Records from a data collection:
══════

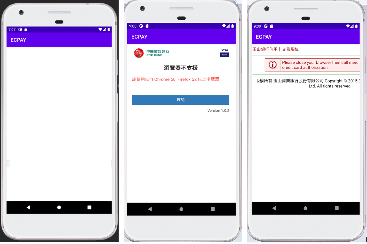2.若是使用webview方式與Ecpay串接,請注意以下事項
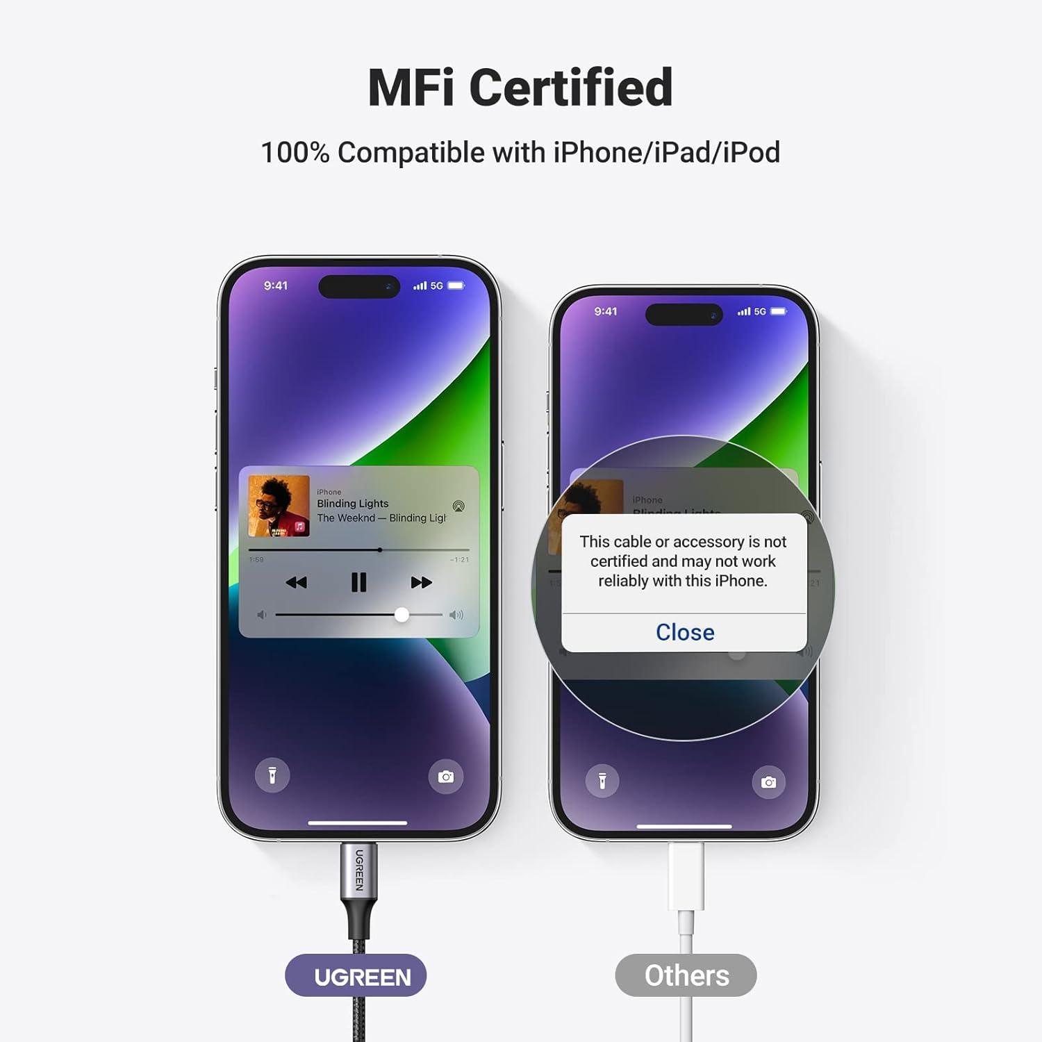 Apple MFi Certified: UGREEN Aux cord for iPhone Lightning to 3.5mm audio cables are certified by Apple to meet rigid iPhone requirements and ensure a completely and securely connect with your Apple devices
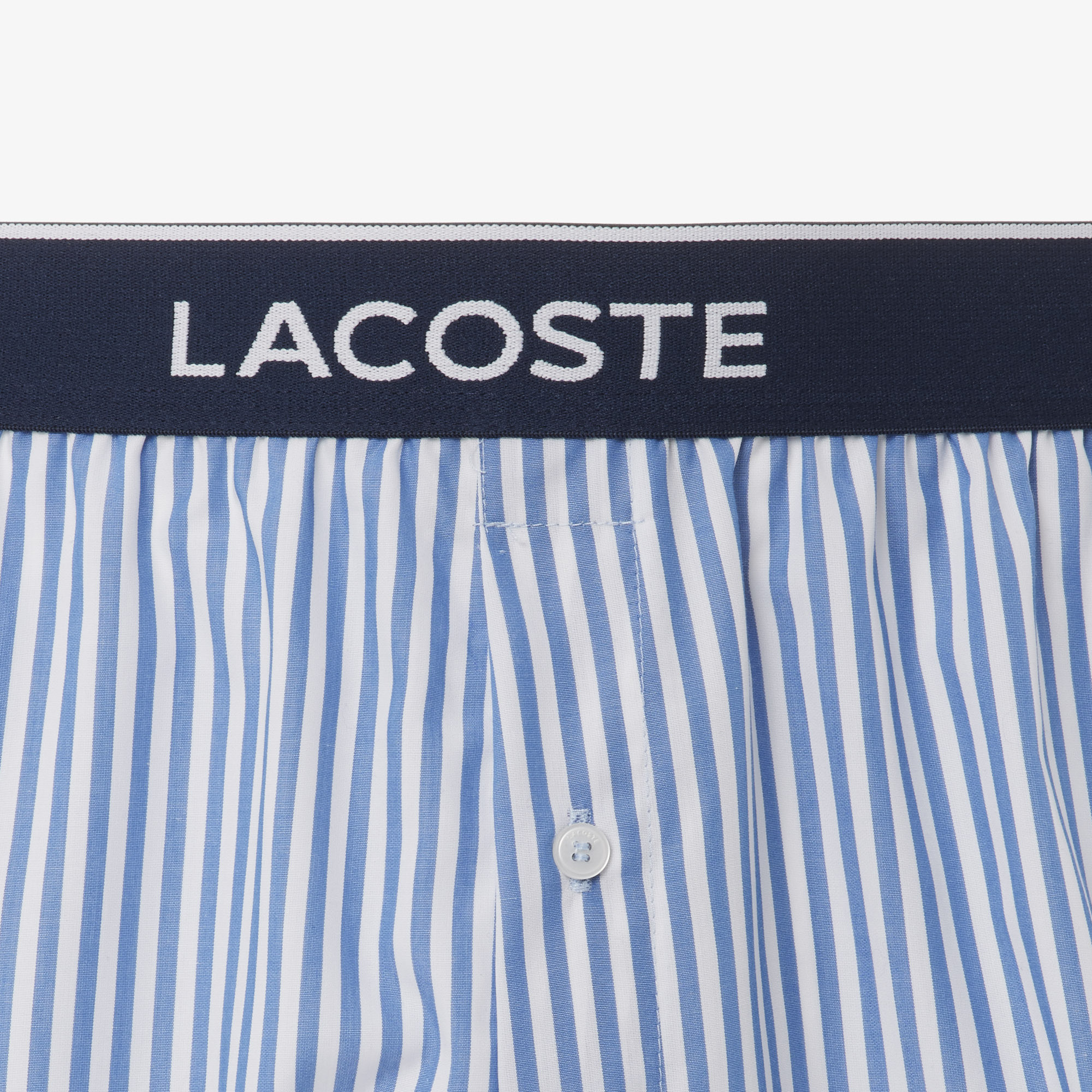 De wijde boxershorts van Lacoste bieden een combinatie van tijdloze stijl en dagelijks draagcomfort. Deze 3-pack bestaat uit één gestreepte en twee effen trunks in blauw en navy, gemaakt van 100% katoenen popeline. De soepele stof voelt licht aan en zorgt voor optimale bewegingsvrijheid, de hele dag door.
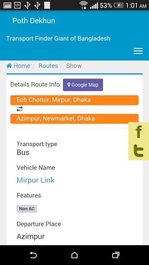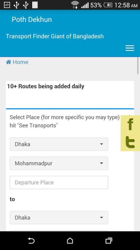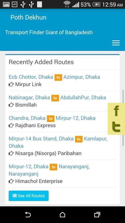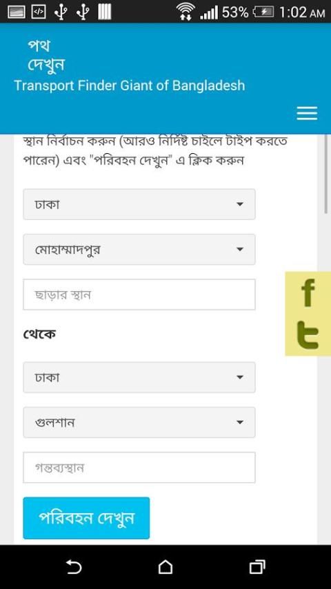 * Temukan semua angkutan dan rute dari kota Dhaka bahkan seluruh Bangladesh dengan satu kali klik
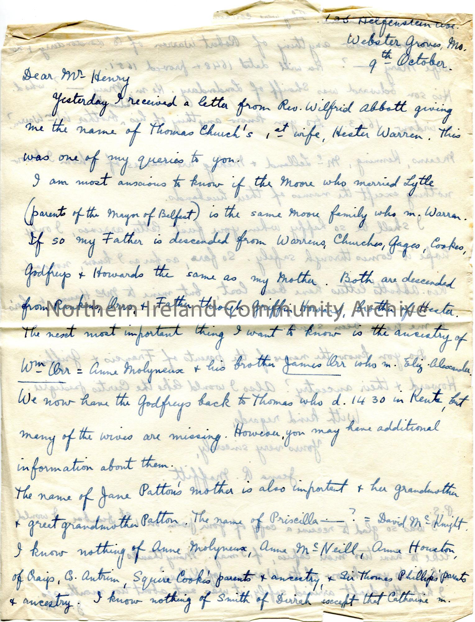Handwritten letter (double sided) to Sam Henry from Jeana R. Moffitt. Requests help from Sam to trace the ancestors of William and James Orr; Godfreys; Patton ancestry; McNeill, Houston, Cooke; Phillip; Robert Warren of County Londonderry and family; parental names of Frances and Griffin Howard; Curtis pedigree; Warrens of Kilrea. Request another copy of Sam's poem re 1st Dunboe.

══════

◆ How to complete this task ◆
Print the records again exactly. Skip every picture.

◆ Answer area ◆
2.若是使用webview方式與Ecpay串接,請注意以下事項
 Apple MFi Certified: UGREEN Aux cord for iPhone Lightning to 3.5mm audio cables are certified by Apple to meet rigid iPhone requirements and ensure a completely and securely connect with your Apple devices
 De wijde boxershorts van Lacoste bieden een combinatie van tijdloze stijl en dagelijks draagcomfort. Deze 3-pack bestaat uit één gestreepte en twee effen trunks in blauw en navy, gemaakt van 100% katoenen popeline. De soepele stof voelt licht aan en zorgt voor optimale bewegingsvrijheid, de hele dag door.
 * Temukan semua angkutan dan rute dari kota Dhaka bahkan seluruh Bangladesh dengan satu kali klik
Handwritten letter (double sided) to Sam Henry from Jeana R. Moffitt. Requests help from Sam to trace the ancestors of William and James Orr; Godfreys; Patton ancestry; McNeill, Houston, Cooke; Phillip; Robert Warren of County Londonderry and family; parental names of Frances and Griffin Howard; Curtis pedigree; Warrens of Kilrea. Request another copy of Sam's poem re 1st Dunboe.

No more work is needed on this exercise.